For Deleuze and Guattari, this ontology of the corporeal is implicated in a collision of space, an occupation of the dynamic dialectic at which chaos emerges, and yet is more than simply an embodiment of the material resulting from this interaction.  Hence, law’s attempt to eradicate its own degenerative impulses leaves its own body in a disassembling locus of being before itself: as one iteration of Mehr’s multiple narrating figures describes, she is positioned “between day and night, there is nomansland.there, three moons blossom.there the toads squat with multifaceted eyes, twilight, and knife” (S, 21). If this “nomansland” is interpreted as a spatio-temporal matrix, a “continuum of all substances in intensity and of all intensities in substance,”  then the corporeality spatialized in “this between-world” (S, 123) must be read through the materiality that the law perpetually seeks to negate, where “matter is seen as radically anterior.”  It is here, in the body’s negotiation with space,  that juridical authority can be seen to come undone. The nonlinear dislocating narrative of this work of auto-fiction provides a productive of engaging with the ‘undoing’ of law by questioning law’s production of the vulnerable body, and exposing the inherent vulnerability of the sedentary spatial order from which the threatening body of the nomad must be juridically excised. Mehr’s work subverts the mode of suffering experienced through the corporeal dismemberment of the dehumanized figure by revealing the way in which the normative production of the abnormal, dangerous, and monstrous relies on this excision to obscure its own mythical role birthing the vulnerable state.

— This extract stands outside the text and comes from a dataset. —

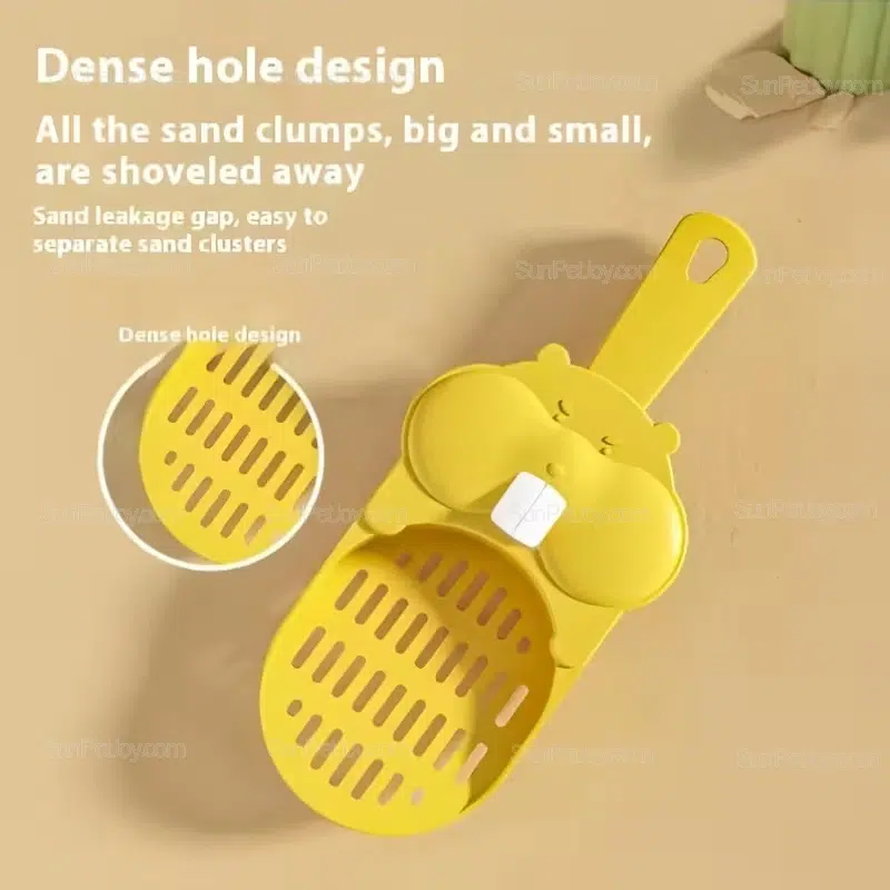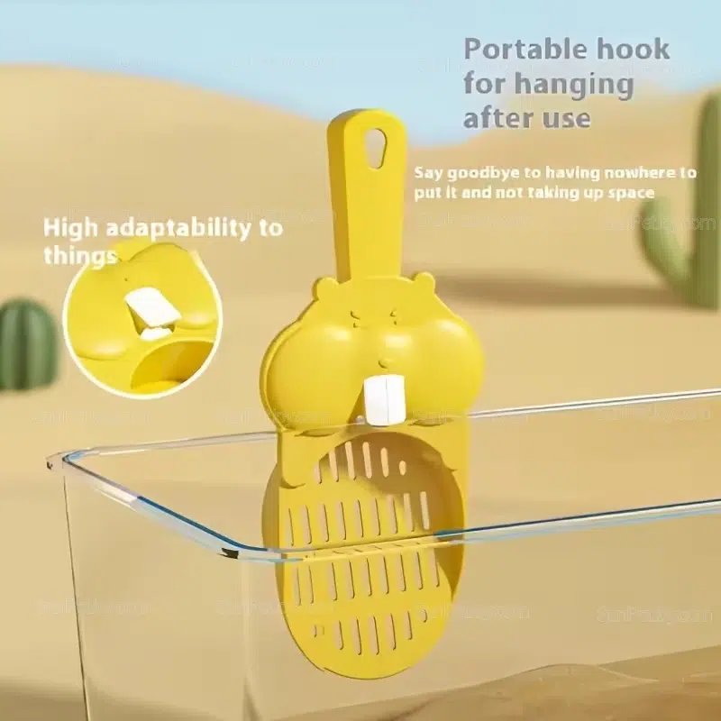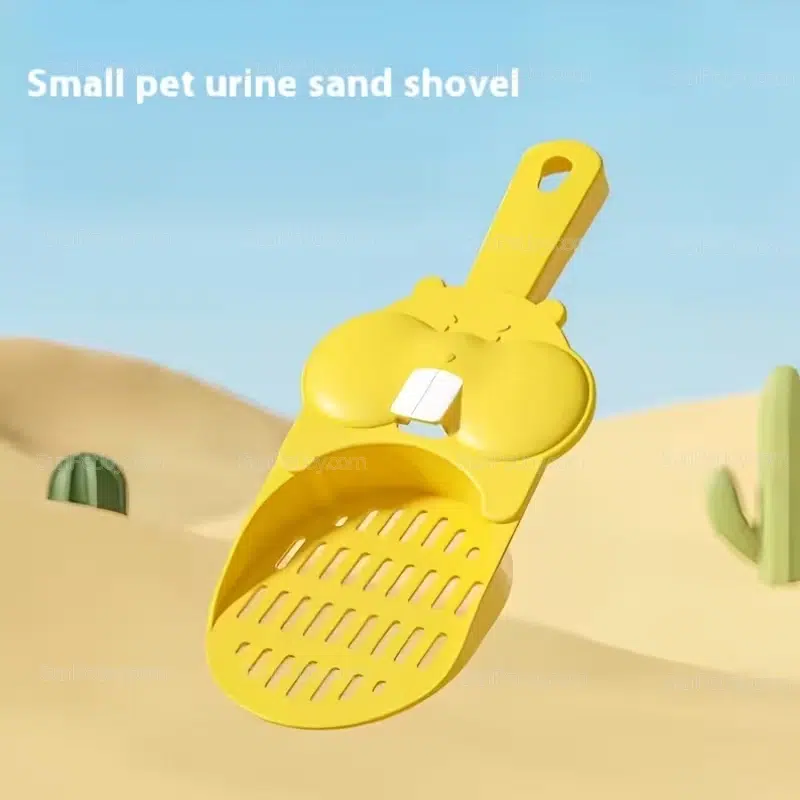 Cute plastic cat litter scoop, specially designed for small animals such as hamsters. Quickly sifts out urine clumps without wasting litter, and features a convenient hanging hook for storage. Suitable for daily cleaning in pet shops and breeding farms. B2B wholesale and factory OEM customization are available.

4_Splitting the Body, Assemblages, Waste, and Withdrawal
Although the law maintains its authority through its anticipation of the relationality between space and the corporeal,  its efficacy as a system of containment is generated primarily through the sadistic sculpting of vulnerability. Indeed, in the text, Mehr describes the way in which her narrator’s “legal guardianship continued to prune” (S, 4). And yet, while this seemingly portrays the absolute authority of the law to wield its power over an abject subject, the paradox of this process of subjectification is that, as Andreas Philippopoulos-Mihalopoulos suggests, “[a] body withdrawing is law withdrawing.”  For Philippopoulos-Mihalopoulos, this process is therefore marked by an irrevocably incommensurate gesture towards absence, in which “withdrawal is materially embodied and emplaced. It is always here, in the space opened up by the law.”  In this sense, withdrawal can be read as a strategy of resistance as well as the manifestation of law’s fallibility, which can also be considered in the light of Deleuze and Guattari’s reading of the BwO as fundamentally in opposition to withdrawal or, as they define it, “disarticulation.”  The law is always embedded in the ongoing negation of embodiment, negating the “mundane fact that for law to function at all, it must first and foremost have a hold over bodies.” 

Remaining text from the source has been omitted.